Exercise goal: Hand back every line from the beginning of the data below through the line containing "The highway gained", word for word and free of pictures.

(Source material begins)

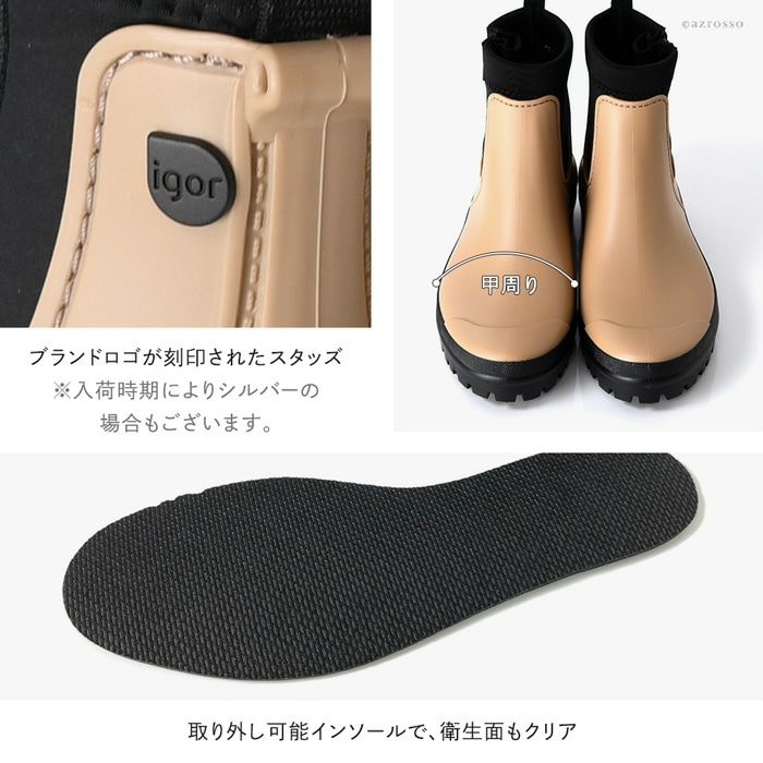 スタイルアップと程良いトレンド感を兼ね備える厚底タイプのチェルシーレインブーツ。イゴールらしい細身のデザインは保ったまま、ボリューミー過ぎないところが◎きれいめコーデのアクセントにもぴったりです。
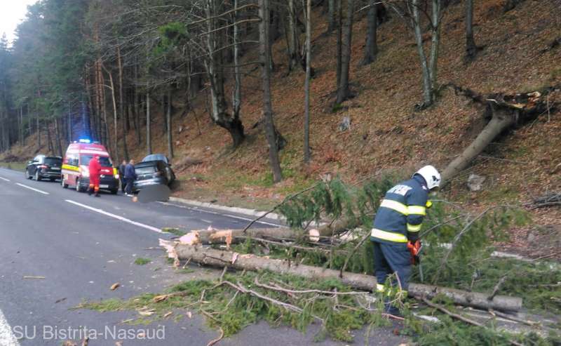 Potrivit Inspectoratului de Poliție Județean Bistrița-Năsăud, mașina, condusă de un bărbat în vârstă de 47 de ani din județul Bacău, a fost grav avariată în urma căderii unui copac pe șosea, în apropierea localității Mureșenii Bârgăului.
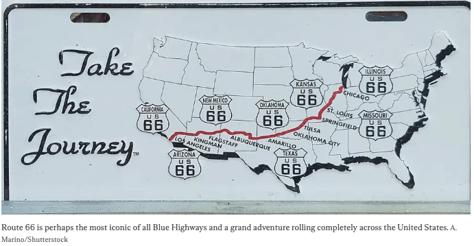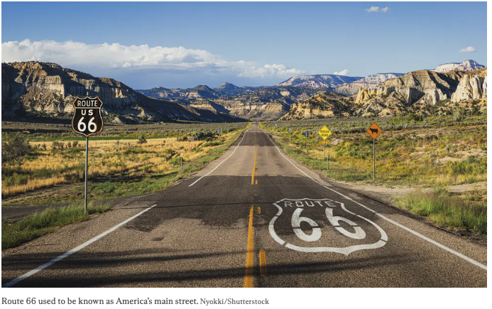 The highway gained fame through John Steinbeck’s novel “The Grapes of Wrath” and Bobby Troup’s 1946 song “Get Your Kicks on Route 66.”
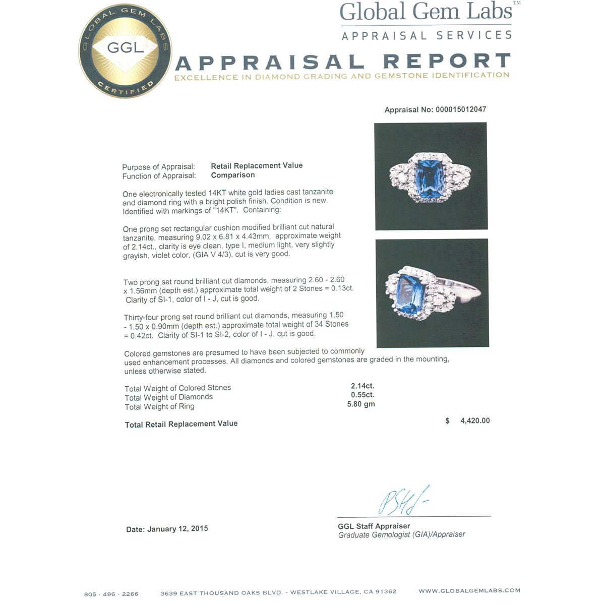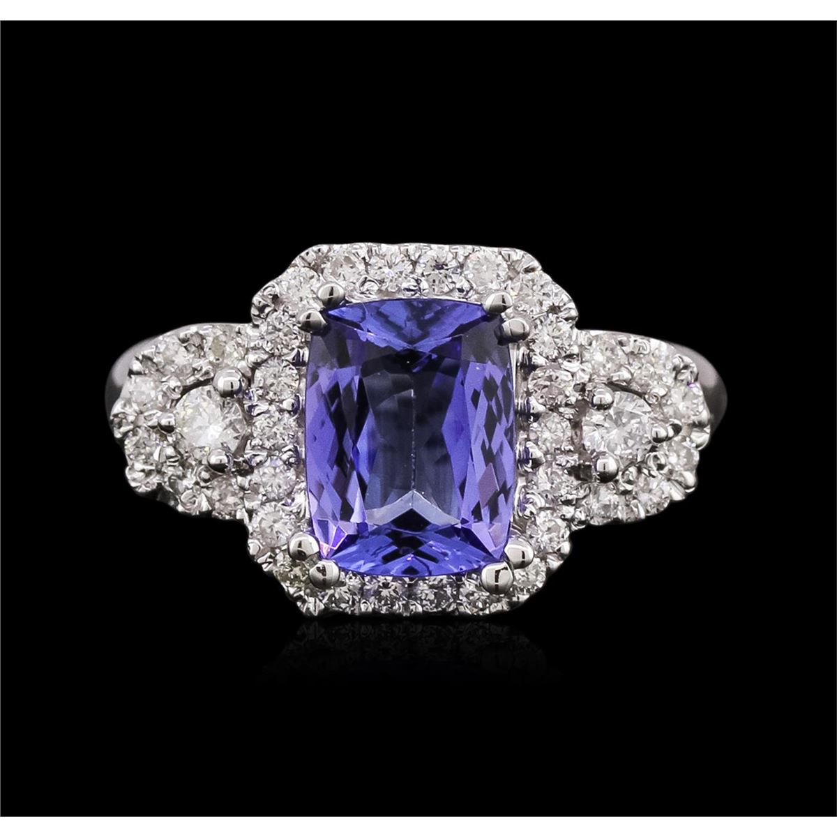 One electronically tested 14KT white gold ladies cast tanzanite and diamond ring with a bright polish finish. Identified with markings of "14KT". Condition is new. Containing: One prong set rectangular cushion modified brilliant cut natural tanzanite, measuring 9.02 x 6.81 x 4.43mm, approximate weight of 2.14ct., clarity is eye clean, type I, medium light, very slightly grayish, violet color, (GIA V 4/3), cut is very good. Two prong set round brilliant cut diamonds, measuring 2.60 - 2.60 x 1.56mm (depth est.) approximate total weight of 2 Stones = 0.13ct. Clarity: SI-1. Color: I - J, Cut is Good. Thirty-Four prong set round brilliant cut diamonds, measuring 1.50 - 1.50 x 0.90mm (depth est.) approximate total weight of 34 Stones = 0.42ct. Clarity: SI-1 to SI-2. Color: I - J, Cut is Good. Colored gemstones are presumed to have been subjected to commonly used enhancement processes. All diamonds and colored gemstones are graded in the mounting, unless otherwise stated. Total Weight of Colored Stones 2.14ct. Total Weight of Diamonds 0.55ct. Total Weight of Ring 5.80 grams. GGL Appraised at $4,420.00.

(Source material ends)

Exercise response:
 スタイルアップと程良いトレンド感を兼ね備える厚底タイプのチェルシーレインブーツ。イゴールらしい細身のデザインは保ったまま、ボリューミー過ぎないところが◎きれいめコーデのアクセントにもぴったりです。
 Potrivit Inspectoratului de Poliție Județean Bistrița-Năsăud, mașina, condusă de un bărbat în vârstă de 47 de ani din județul Bacău, a fost grav avariată în urma căderii unui copac pe șosea, în apropierea localității Mureșenii Bârgăului.
 The highway gained fame through John Steinbeck’s novel “The Grapes of Wrath” and Bobby Troup’s 1946 song “Get Your Kicks on Route 66.”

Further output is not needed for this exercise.